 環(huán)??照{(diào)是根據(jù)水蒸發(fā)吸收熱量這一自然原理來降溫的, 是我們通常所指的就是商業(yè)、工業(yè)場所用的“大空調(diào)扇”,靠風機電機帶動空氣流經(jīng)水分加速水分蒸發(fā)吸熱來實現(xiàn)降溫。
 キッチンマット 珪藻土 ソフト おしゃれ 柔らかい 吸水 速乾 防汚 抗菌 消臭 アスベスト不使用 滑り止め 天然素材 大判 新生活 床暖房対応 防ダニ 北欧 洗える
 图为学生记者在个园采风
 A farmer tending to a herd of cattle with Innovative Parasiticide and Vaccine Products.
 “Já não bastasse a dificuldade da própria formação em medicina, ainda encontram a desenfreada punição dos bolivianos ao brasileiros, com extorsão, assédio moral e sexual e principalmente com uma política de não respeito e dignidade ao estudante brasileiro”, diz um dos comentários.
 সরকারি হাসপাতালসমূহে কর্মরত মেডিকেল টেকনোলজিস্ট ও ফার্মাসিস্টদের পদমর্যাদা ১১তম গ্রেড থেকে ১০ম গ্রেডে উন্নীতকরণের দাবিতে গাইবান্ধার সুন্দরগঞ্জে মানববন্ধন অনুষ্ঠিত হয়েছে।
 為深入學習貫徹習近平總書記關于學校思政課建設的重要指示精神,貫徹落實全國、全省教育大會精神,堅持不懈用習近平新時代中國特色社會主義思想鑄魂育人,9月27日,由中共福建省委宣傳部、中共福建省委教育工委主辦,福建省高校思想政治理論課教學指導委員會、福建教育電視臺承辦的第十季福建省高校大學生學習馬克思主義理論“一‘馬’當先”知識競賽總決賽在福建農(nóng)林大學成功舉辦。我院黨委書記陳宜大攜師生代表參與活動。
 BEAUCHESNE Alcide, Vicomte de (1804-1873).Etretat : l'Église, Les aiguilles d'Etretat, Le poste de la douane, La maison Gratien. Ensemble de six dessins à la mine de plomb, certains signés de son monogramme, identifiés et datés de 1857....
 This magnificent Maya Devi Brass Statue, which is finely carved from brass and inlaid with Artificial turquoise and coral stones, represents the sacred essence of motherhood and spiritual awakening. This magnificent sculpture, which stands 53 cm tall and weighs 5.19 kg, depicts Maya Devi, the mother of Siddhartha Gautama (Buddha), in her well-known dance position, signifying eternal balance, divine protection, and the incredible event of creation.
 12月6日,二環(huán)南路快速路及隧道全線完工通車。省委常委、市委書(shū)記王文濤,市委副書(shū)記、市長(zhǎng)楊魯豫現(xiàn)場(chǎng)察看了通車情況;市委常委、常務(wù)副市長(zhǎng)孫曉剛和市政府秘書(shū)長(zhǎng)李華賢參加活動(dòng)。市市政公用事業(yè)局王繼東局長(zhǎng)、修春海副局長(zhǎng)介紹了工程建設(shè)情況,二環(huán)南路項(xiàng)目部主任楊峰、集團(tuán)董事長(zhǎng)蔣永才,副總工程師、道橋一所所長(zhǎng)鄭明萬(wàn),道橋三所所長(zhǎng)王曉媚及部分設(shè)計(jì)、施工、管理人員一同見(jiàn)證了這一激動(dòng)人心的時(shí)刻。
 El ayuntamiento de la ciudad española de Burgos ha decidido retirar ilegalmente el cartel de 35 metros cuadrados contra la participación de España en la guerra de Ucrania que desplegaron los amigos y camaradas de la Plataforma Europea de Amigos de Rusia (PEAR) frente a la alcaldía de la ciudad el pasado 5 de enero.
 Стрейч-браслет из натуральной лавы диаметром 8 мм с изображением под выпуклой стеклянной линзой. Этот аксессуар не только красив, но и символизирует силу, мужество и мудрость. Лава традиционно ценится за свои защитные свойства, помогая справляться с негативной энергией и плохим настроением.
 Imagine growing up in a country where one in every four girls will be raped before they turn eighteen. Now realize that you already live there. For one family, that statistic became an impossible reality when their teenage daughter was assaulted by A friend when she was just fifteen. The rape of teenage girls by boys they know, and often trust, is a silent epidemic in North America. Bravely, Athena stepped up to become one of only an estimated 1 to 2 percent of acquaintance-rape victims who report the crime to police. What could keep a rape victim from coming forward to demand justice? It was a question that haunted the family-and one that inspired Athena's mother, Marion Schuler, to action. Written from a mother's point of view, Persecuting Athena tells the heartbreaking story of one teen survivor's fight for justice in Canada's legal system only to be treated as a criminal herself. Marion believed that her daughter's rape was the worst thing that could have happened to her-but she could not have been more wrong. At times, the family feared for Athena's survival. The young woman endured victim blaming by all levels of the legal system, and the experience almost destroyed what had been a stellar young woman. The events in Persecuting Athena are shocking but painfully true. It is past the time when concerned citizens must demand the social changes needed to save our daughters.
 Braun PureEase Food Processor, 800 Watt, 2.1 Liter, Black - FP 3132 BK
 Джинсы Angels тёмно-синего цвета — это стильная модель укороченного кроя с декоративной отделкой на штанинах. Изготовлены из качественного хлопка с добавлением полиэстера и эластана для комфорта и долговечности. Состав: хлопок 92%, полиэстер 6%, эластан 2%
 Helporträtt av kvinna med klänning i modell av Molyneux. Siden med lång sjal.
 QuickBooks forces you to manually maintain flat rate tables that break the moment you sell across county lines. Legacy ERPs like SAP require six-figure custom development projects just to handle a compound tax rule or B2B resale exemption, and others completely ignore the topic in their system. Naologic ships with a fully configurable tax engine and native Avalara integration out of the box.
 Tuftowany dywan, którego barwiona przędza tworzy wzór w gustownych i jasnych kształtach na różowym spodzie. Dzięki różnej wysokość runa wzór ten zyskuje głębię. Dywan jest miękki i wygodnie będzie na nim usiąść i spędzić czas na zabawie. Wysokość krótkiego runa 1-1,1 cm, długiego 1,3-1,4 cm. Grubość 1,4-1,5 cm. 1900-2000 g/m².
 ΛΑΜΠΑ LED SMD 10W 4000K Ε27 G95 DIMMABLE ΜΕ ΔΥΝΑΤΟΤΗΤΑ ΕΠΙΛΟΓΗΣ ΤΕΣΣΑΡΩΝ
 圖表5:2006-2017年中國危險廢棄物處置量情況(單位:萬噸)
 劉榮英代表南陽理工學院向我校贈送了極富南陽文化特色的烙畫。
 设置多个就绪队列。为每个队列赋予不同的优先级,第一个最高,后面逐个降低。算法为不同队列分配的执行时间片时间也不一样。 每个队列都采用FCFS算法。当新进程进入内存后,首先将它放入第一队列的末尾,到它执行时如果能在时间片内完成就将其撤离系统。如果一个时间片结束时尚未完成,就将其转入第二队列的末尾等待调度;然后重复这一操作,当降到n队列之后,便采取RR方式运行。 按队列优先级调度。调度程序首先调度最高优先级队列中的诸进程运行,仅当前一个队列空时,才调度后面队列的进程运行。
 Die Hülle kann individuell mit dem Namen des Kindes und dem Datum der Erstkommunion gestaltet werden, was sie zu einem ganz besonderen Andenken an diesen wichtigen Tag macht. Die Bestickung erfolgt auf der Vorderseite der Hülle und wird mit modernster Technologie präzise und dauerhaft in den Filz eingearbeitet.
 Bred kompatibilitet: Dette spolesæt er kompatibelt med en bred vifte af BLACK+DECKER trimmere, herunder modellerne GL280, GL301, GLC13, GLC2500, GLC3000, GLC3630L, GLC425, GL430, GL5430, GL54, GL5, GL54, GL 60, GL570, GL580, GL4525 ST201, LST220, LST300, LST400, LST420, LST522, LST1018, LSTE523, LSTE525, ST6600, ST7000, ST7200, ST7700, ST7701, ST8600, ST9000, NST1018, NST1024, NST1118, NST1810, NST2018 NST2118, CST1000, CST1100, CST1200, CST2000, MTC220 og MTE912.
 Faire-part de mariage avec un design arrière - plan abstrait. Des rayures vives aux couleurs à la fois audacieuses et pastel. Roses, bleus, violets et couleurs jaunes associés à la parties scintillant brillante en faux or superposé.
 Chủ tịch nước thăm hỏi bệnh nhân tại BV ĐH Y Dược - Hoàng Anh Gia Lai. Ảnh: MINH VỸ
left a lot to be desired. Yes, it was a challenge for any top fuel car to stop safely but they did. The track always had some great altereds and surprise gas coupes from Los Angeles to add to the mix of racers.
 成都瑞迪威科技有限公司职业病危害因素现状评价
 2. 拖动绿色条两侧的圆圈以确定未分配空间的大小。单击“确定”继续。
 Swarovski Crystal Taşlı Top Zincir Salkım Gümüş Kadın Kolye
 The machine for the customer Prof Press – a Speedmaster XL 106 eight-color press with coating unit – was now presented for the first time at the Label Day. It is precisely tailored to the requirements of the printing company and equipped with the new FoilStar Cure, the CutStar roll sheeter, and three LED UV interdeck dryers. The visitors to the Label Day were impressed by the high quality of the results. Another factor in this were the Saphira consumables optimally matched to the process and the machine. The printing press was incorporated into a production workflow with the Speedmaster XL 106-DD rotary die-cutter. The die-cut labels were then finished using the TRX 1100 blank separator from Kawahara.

◆ ◆ ◆ ◆ ◆ ◆ ◆

:: WHAT TO PRODUCE ::
If a line in the data above contains "huán", return that line.

:: EXERCISE RESPONSE ::
 環(huán)??照{(diào)是根據(jù)水蒸發(fā)吸收熱量這一自然原理來降溫的, 是我們通常所指的就是商業(yè)、工業(yè)場所用的“大空調(diào)扇”,靠風機電機帶動空氣流經(jīng)水分加速水分蒸發(fā)吸熱來實現(xiàn)降溫。
 12月6日,二環(huán)南路快速路及隧道全線完工通車。省委常委、市委書(shū)記王文濤,市委副書(shū)記、市長(zhǎng)楊魯豫現(xiàn)場(chǎng)察看了通車情況;市委常委、常務(wù)副市長(zhǎng)孫曉剛和市政府秘書(shū)長(zhǎng)李華賢參加活動(dòng)。市市政公用事業(yè)局王繼東局長(zhǎng)、修春海副局長(zhǎng)介紹了工程建設(shè)情況,二環(huán)南路項(xiàng)目部主任楊峰、集團(tuán)董事長(zhǎng)蔣永才,副總工程師、道橋一所所長(zhǎng)鄭明萬(wàn),道橋三所所長(zhǎng)王曉媚及部分設(shè)計(jì)、施工、管理人員一同見(jiàn)證了這一激動(dòng)人心的時(shí)刻。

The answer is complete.